И Я, МАТЬ-ПЕРЕМАТЬ, ЛИШЕН КАКИХ НИ НА ЕСТЬ СПОСОБНОСТЕЙ К НЕЙ
читать дальшеЯ и «Чижика-пыжика» спеть не способен, не сфальшивив. Я даже ритма «Шагайте, воины Христовы» выдержать не могу, непременно вперед убегаю. Я, мать-перемать, лишен каких ни на есть способностей к ней . Да шел бы он, этот Сальери, со всем его манерным, нахальным нытьем. Может, оно, конечно, и худо – уметь творить музыку лишь отчасти , не так хорошо, как тебе хотелось бы. Очень я был бы рад это проверить. Но я-то, мать вашу так, вообще ничего не умею. Смотреть, как друзья теснятся у фортепьяно, распевая «Всегда ищи в жизни хорошее», «Все пройдет», «Желтую подводную лодку», «Саммер-тайм», «Лесного царя», «Она придет из-за горы», «Эдельвейс», «Мальчик резвый» – да какая, на хер, разница, что они распевают…
Я-ТО К НИМ, МАТЬ-ПЕРЕМАТЬ, ВСЕ РАВНО ПРИСОЕДИНИТЬСЯ НЕ МОГУ
И когда на дне рождения все запевают «С днем рожденья тебя», мне приходится разыгрывать мимический этюд… или бормотать и рокотать, да так низко, что расслышать меня могут только кроты, скаты и грибы. Я не просто человек, лишенный музыкального слуха; музыкально глухой – вот в чем состоит вся распродолбанная, охеренная, блядская мерзопакость .
Я ДАЖЕ НЕ ГЛУХ, МАТЬ ВАШУ ТАК, МУЗЫКАЛЬНО Я музыкально НЕМ.

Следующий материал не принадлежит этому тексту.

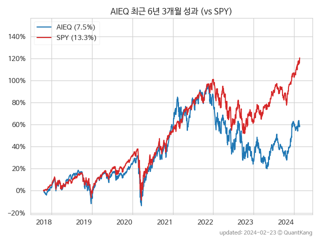 AIEQ는 비교 분석한 ETF 중에서 상장 기간이 가장 깁니다. AIEQ는 재무제표뿐 아니라 기술적 분석을 포함하여 뉴스나 SNS 데이터도 참고한다고 합니다.

Мелодии – да, вот они, все здесь, у меня в голове. Они здесь, совершенные до последнего четвертьтонового интервала, до последней семи-деми-полу-восьмой ноты. «Хаффнер», «Фернандо», «Все, что любит Лотта», «Военный марш», «Ночь и день», «Танец феи Драже», «Я слышал это из-за лоз», «Богатырские ворота», «Тема Лары», «Отныне странник», «Помни, ты Уомбл» и даже вступительные такты «Тиля…» мать его «…Уленшпигеля», – я без каких-либо усилий могу мысленно воспроизвести их. И не только мелодии, но и гармонии, ритмические рисунки, все . Я обнаружил также, что обычно способен назвать тональность вещи – до минор, ре мажор, ми-бемоль мажор, для меня они различимы, как простые цвета, не бог весть какой ошеломительный дар, но он хотя бы доказывает, что я не лишен слуха. Однако между тем, что происходит у меня в голове, и тем, что я способен выразить посредством голоса или пальцев… именно здесь и залегает тень, густая и плотная. – Как там эта мелодийка из «Бонанзы»? – спрашивает кто-нибудь, и все хватаются за лбы и морщатся, насилуя свою память. Но вот же она, вся тема «Бонанзы», здесь, у меня в голове, со всеми ее причиндалами, полностью оркестрованная, безупречная до последней трели и триоля, каждая частность ее законченна и совершенна, и Венский филармонический играет ее в моем сознании – первая скрипка Исаак Стерн, за дирижерским пультом Фуртвенглер. Я слышу ее так же ясно, как слышу мощный рев машин, направляющихся в час пик по шоссе А47 из Кингс-Линна в Суоффем. [...]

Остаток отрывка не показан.